TL;DR
- A Financial Times report says ECB President Christine Lagarde is weighing leaving before October 2027; the ECB says she has made no decision.
- Her tenure has pushed the digital euro and warned MiCA-era stablecoins could still threaten monetary policy, urging euro-denominated alternatives to dollar tokens.
- EU lawmakers are expected to adopt the digital euro law in 2026, enabling a 12-month pilot in 2H 2027 and possible first issuance in 2029.
A report that Christine Lagarde may consider leaving the European Central Bank before her term ends in October 2027 is landing at a delicate time for Europe’s digital money plans. An early succession question is suddenly intersecting with a policy project that needs continuity. The Financial Times said she is weighing an exit ahead of France’s April 2027 presidential election so Emmanuel Macron and Germany’s Chancellor Friedrich Merz can agree on a successor. An ECB spokesperson pushed back, saying Lagarde is focused on her mission and has not decided. Timing is stirring market chatter now.
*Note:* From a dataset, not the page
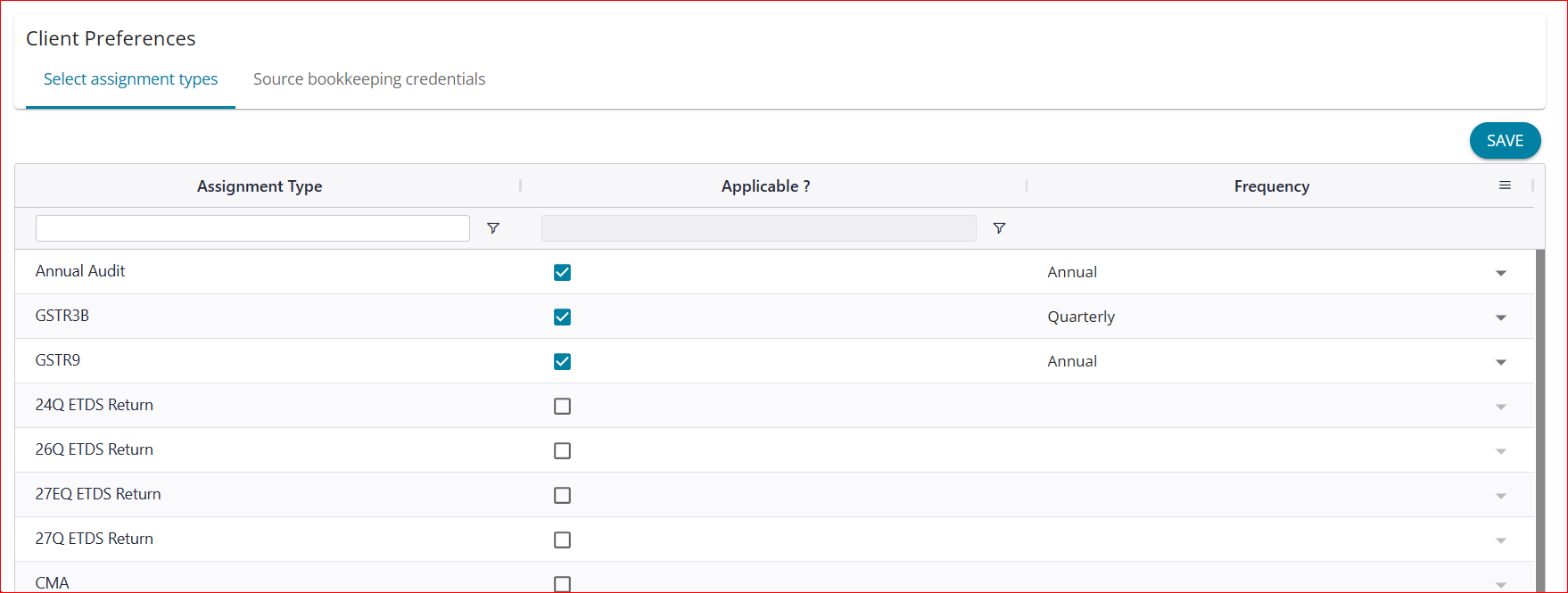 Tick the list of assignments handled for the selected client - and select applicable frequency and proceed to save.

Succession risk meets the digital euro runway
Under Lagarde, the ECB has advanced preparatory work on a digital euro while repeatedly warning about risks from privately issued digital money, including stablecoins, under the EU’s MiCA regime. The policy pitch is defensive: avoid “digital dollarization” while building euro-native rails. Officials have argued that rapidly growing stablecoins could pose financial stability and monetary policy risks even with MiCA safeguards, and they have called for a strong market for well regulated euro-denominated stablecoins to compete with dollar tokens. Lagarde has also criticized Bitcoin as “highly speculative” and “worth nothing,” shaping the ECB’s tone for years.
A shortlist of potential successors highlighted in the report includes Pablo Hernández de Cos, Klaas Knot, Isabel Schnabel and Bundesbank President Joachim Nagel. The bench looks unlikely to soften the ECB’s cautious line on crypto. Hernández de Cos has framed crypto assets and stablecoins as financial stability risks needing strong supervision, while Knot has called for a robust global regulatory framework. Nagel has linked the digital euro to European monetary and financial sovereignty and has labeled Bitcoin a “digital tulip.” Schnabel previously described Bitcoin as a speculative asset without recognizable fundamental value in past speeches.
The digital euro still needs approval from EU lawmakers, even as the ECB has entered a technical preparation stage and launched collaborations aimed at universal access. The timeline is legislative first, then pilots, which makes leadership stability more than cosmetic. Executive Board member Piero Cipollone said co-legislators are expected to adopt the digital euro regulation during 2026. He said that would enable a 12-month pilot in a controlled Eurosystem environment starting in the second half of 2027, involving limited providers, merchants and staff. The Eurosystem aims to be ready for potential first issuance in 2029.